His first solo exhibition was at the Wickesham Gallery, New York, in 1969 immediately after graduating from the Royal College. He is known for his paintings based on architectural spaces and his large-scale, intricately detailed cityscape paintings, which include panoramas of Hong Kong, Zürich, Jerusalem, Liverpool and, most recently, his view of London which was completed as part of a residency at the National Gallery, London, in 2010.

Over the past 46 years he has exhibited in galleries and museums across the world, including the Institute of Contemporary Arts, London; the Walker Art Gallery, Liverpool; the Art Institute of Chicago; Kunsthalle Tübingen; and the Museo Thyssen-Bornemisza, Madrid. At the first Venice Architecture Biennale in 1991, Norman Foster portrayed his work solely through Johnson's images, before Johnson's work was included in Foster's installation at the 2012 biennale. His work is part of a travelling exhibition currently touring museum venues in Europe, and the first retrospective exhibition of his paintings was scheduled to open in September 2015 at the Southampton City Museum and Art Gallery.

He has undertaken commissions for the Royal Institute of British Architects, the British Museum and National Museums Liverpool as well as for IBM, HSBC, JP Morgan, British Steel, Hong Kong Telecommunications among others.

In 2000, the collector and philanthropist Nasser D. Khalili commissioned a set of five paintings titled "House of Peace", depicting spiritual sites of Jerusalem, intended to promote harmony between Abrahamic religions.

His work is included in the permanent collections of museums worldwide, including the Victoria & Albert Museum, London; the Centre Georges Pompidou, Paris; the Museum of Modern Art, New York; the Regional Services Museum, Hong Kong; and the Government Art Collection.

As of 2014, Johnson has been exploring the ageing and scarring of architecture and, in tandem, investigating geometry and the sacred embodied in Islamic architecture.  A second solo exhibition at Alan Cristea Gallery opened in May 2014.

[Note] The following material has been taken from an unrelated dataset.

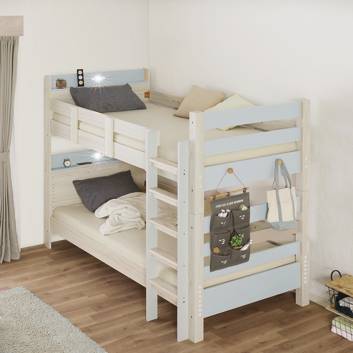 ●優しい色合いのツートンカラー2段ベッド
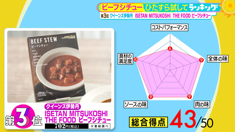 第3位は、クイーンズ伊勢丹の『ISETAN MITSUKOSHI THE FOOD ビーフシチュー』(税込702円 ※番組調べ)。

In October 2015, Johnson collected an honorary fellowship from Wrexham’s Glyndŵr University.

The Liverpool Cityscape

The Liverpool Cityscape comprises 170 hectares of the city, a near bird’s-eye perspective. It encompasses several thousand individual buildings and took Johnson and up to 11 assistants 24,000 person hours to complete it. In making The Liverpool Cityscape, Johnson explored the city, (taking over 3000 reference photographs) considered alternative viewpoints, consulted with architects and historians, as well as the people of Liverpool, and absorbed the city’s distinctive atmosphere. Thousands of detailed drawings were produced before the execution of the painting in minute detail.

During February and March 2008 over 51,000 people came to see Ben work on the painting at the Walker Art Gallery in a specially created studio. A live web-cam showing his residency in the Walker was set up to enable the World to watch the creation of the painting online. The resulting exhibition had over 250,000 visits.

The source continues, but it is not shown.